§ **Task brief**
Give the lines again exactly as they appear below, from the line with "اربح 10,000 درهم" to the line with "Сверло универсальное 5x100", both included, and only those lines. Leave every picture out.

*** Materials provided

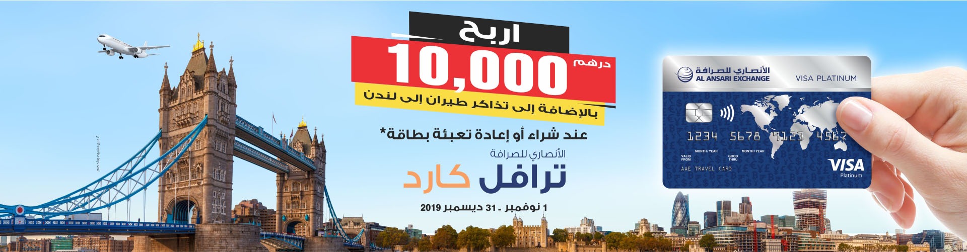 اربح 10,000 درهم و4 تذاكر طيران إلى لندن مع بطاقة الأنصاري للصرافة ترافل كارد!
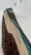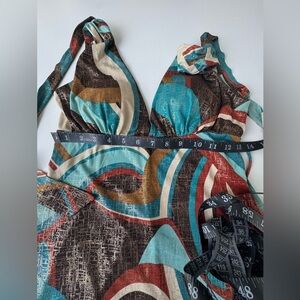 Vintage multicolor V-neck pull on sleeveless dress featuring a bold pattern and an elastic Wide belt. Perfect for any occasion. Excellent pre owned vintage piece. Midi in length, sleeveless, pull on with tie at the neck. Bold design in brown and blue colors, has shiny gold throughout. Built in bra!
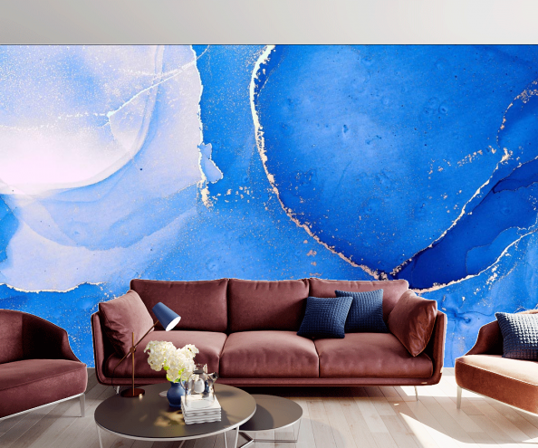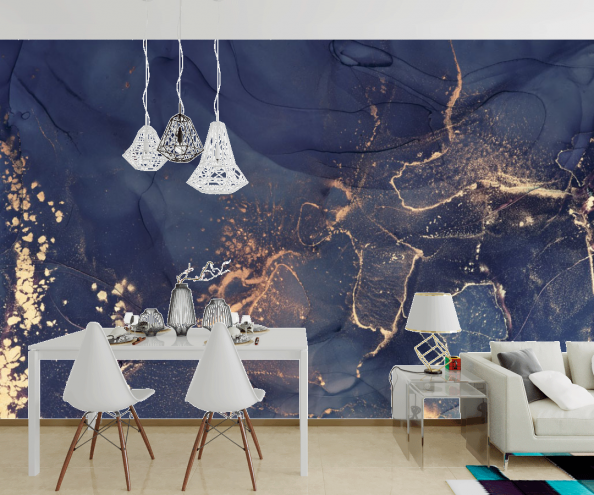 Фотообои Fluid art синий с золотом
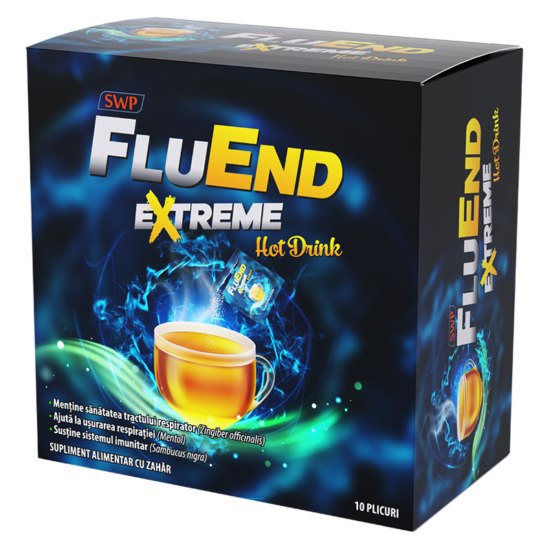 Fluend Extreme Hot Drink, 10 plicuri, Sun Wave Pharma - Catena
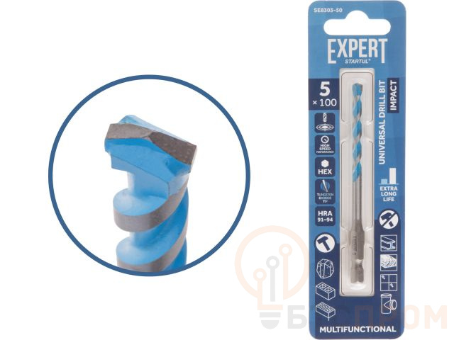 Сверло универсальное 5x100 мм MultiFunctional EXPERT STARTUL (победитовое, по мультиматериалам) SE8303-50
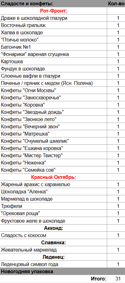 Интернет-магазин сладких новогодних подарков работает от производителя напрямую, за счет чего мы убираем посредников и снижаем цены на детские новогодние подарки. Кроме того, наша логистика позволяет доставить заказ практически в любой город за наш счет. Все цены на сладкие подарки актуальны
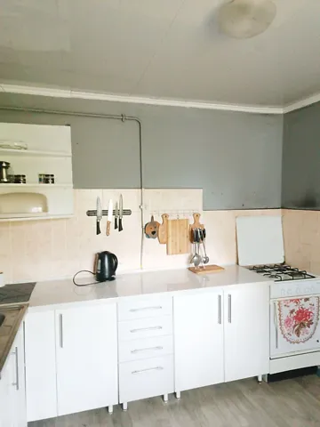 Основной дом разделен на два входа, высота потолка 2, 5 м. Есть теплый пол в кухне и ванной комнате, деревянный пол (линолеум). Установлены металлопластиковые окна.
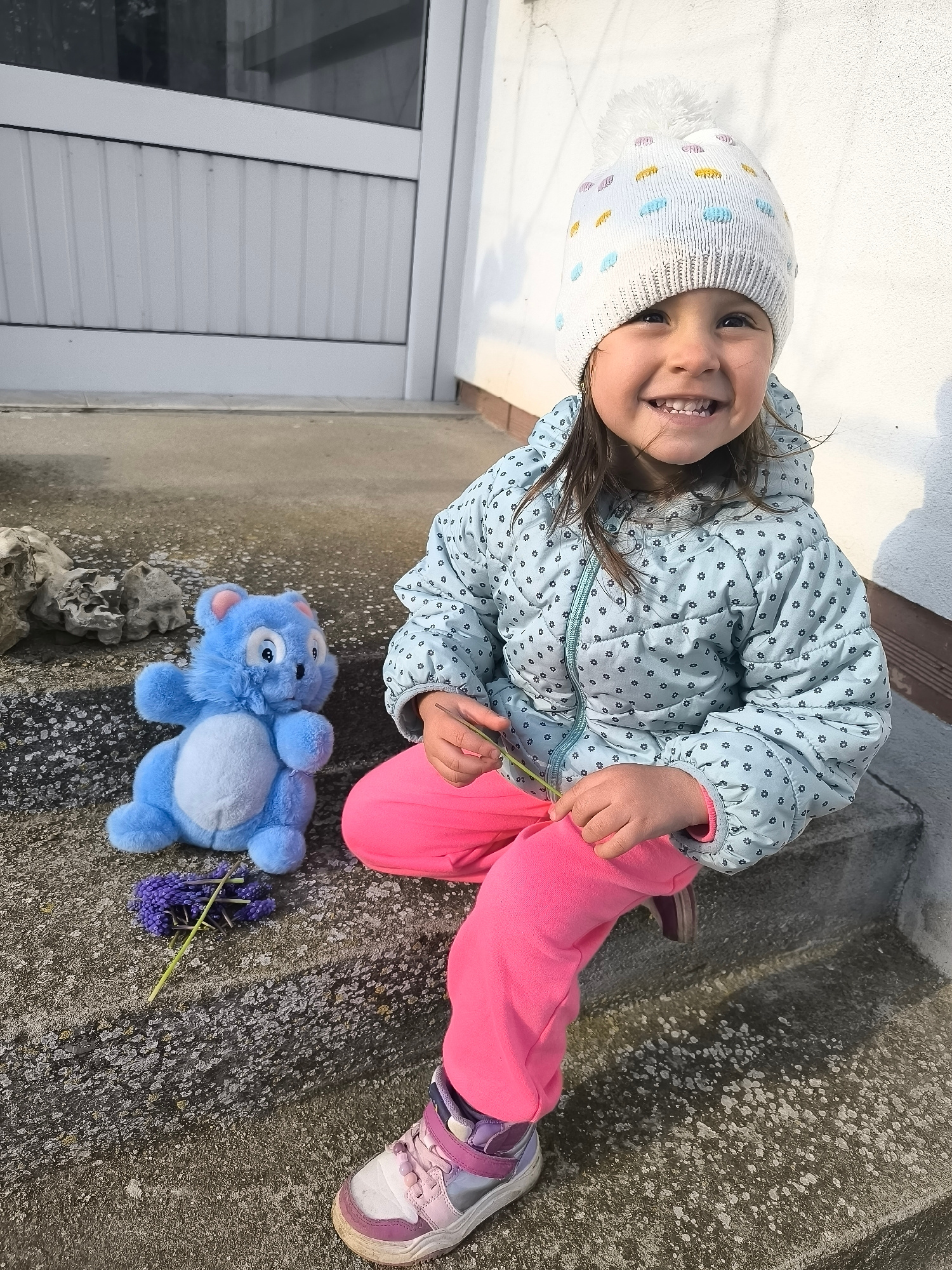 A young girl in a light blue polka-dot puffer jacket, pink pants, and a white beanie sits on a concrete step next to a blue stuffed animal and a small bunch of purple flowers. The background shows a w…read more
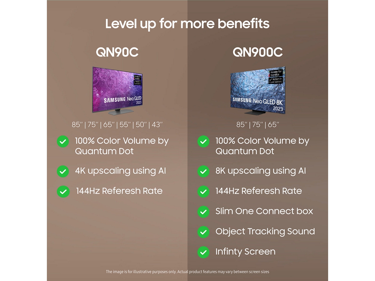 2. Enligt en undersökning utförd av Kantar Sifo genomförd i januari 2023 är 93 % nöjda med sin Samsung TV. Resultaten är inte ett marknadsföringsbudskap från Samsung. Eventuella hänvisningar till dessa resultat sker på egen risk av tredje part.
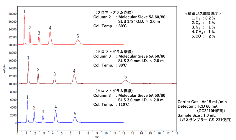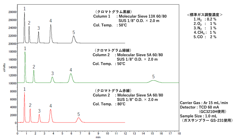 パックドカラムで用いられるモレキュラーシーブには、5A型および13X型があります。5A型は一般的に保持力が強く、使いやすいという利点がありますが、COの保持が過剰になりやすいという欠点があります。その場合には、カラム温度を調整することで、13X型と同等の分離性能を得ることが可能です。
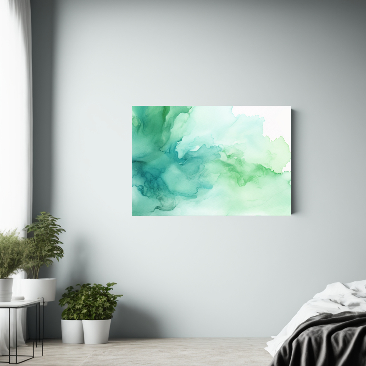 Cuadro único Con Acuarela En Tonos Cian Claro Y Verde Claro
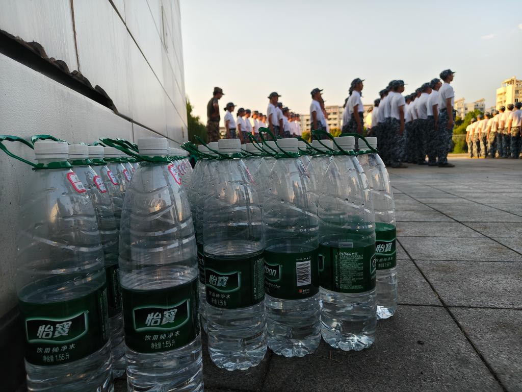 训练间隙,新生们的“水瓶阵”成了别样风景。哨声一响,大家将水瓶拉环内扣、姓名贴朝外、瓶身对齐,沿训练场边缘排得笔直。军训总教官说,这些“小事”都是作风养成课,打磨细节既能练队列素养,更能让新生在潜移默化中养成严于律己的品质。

******
*** Materials provided

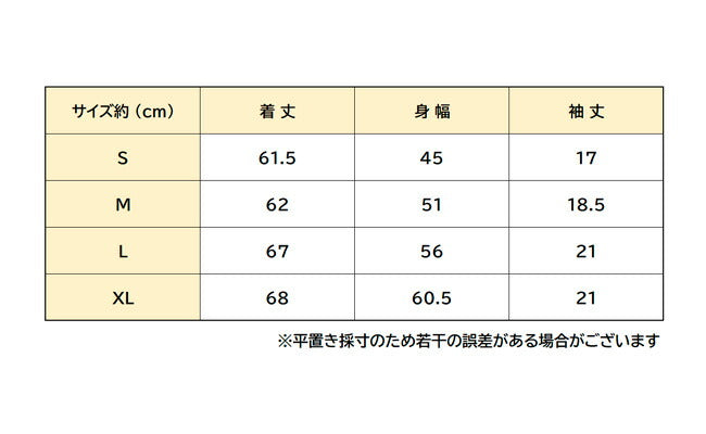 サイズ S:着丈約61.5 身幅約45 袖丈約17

******
*** Materials provided

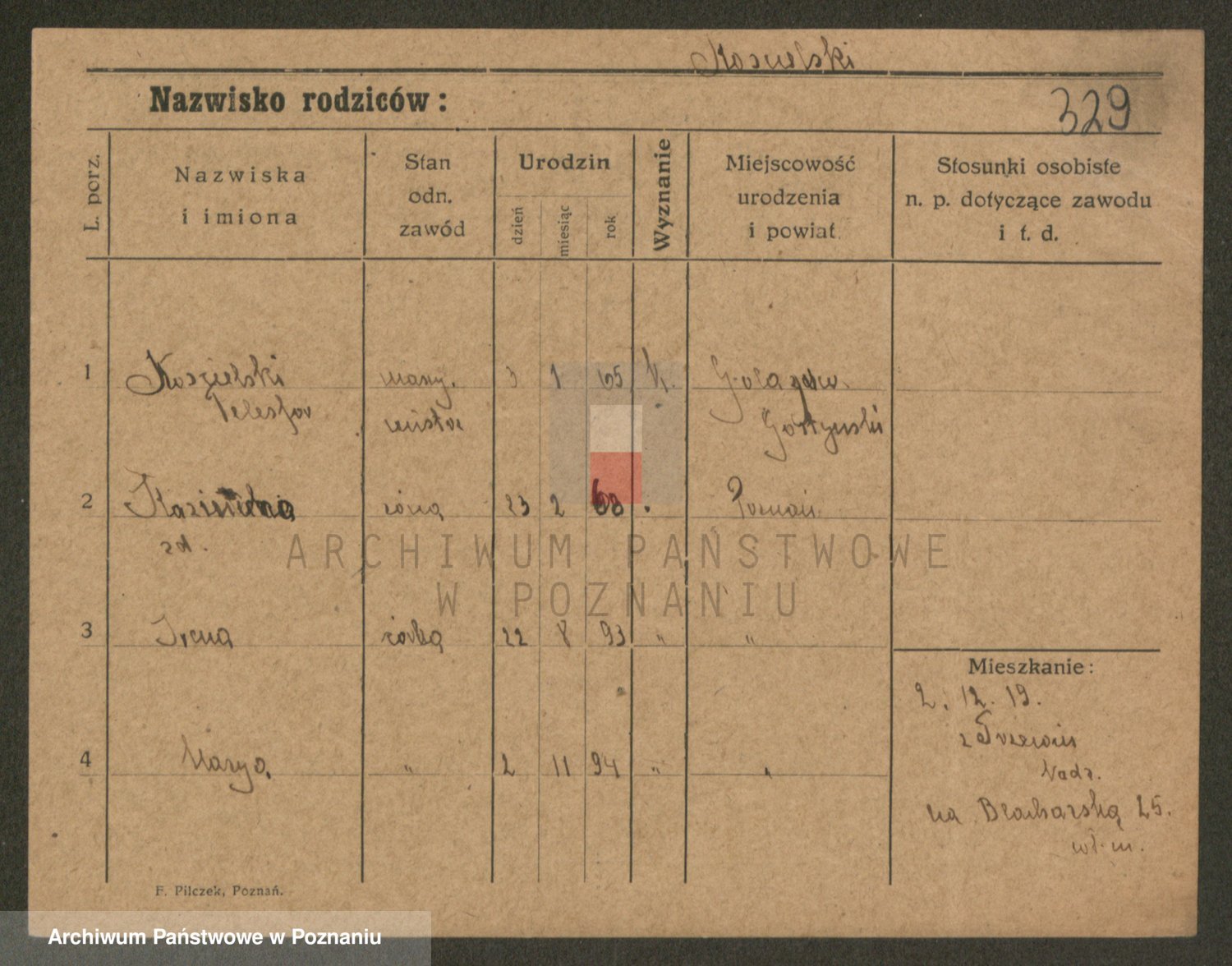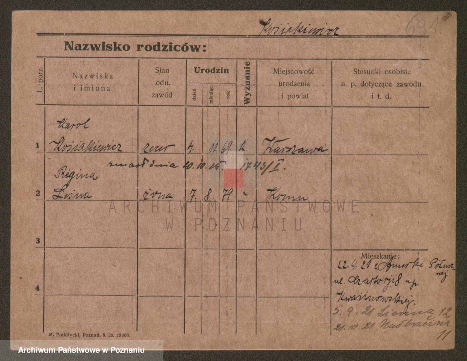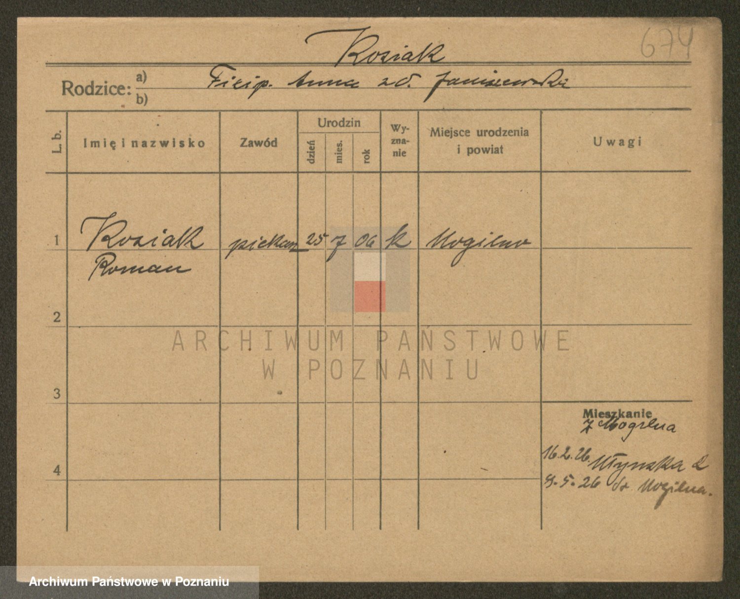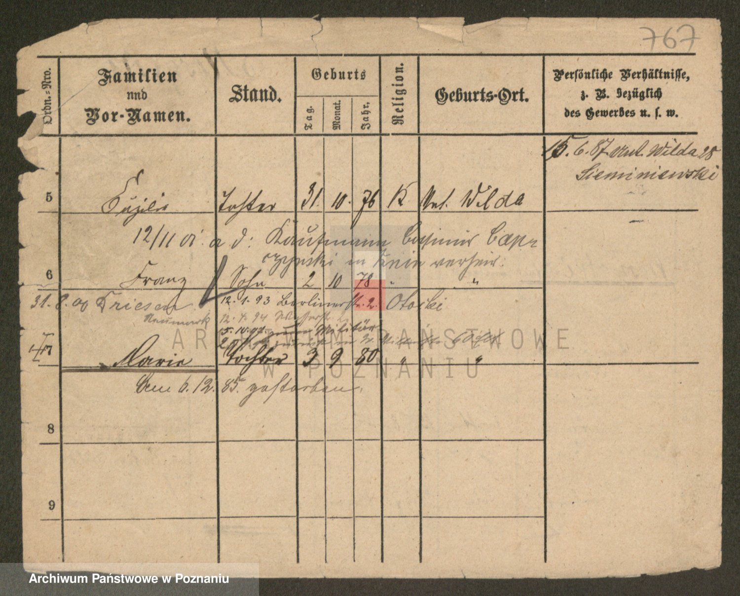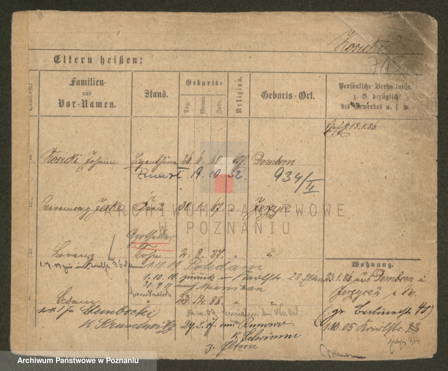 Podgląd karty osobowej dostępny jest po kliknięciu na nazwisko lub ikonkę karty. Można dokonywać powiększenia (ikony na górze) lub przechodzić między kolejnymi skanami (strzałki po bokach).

******

§ **Response to the task**
 اربح 10,000 درهم و4 تذاكر طيران إلى لندن مع بطاقة الأنصاري للصرافة ترافل كارد!
 Vintage multicolor V-neck pull on sleeveless dress featuring a bold pattern and an elastic Wide belt. Perfect for any occasion. Excellent pre owned vintage piece. Midi in length, sleeveless, pull on with tie at the neck. Bold design in brown and blue colors, has shiny gold throughout. Built in bra!
 Фотообои Fluid art синий с золотом
 Fluend Extreme Hot Drink, 10 plicuri, Sun Wave Pharma - Catena
 Сверло универсальное 5x100 мм MultiFunctional EXPERT STARTUL (победитовое, по мультиматериалам) SE8303-50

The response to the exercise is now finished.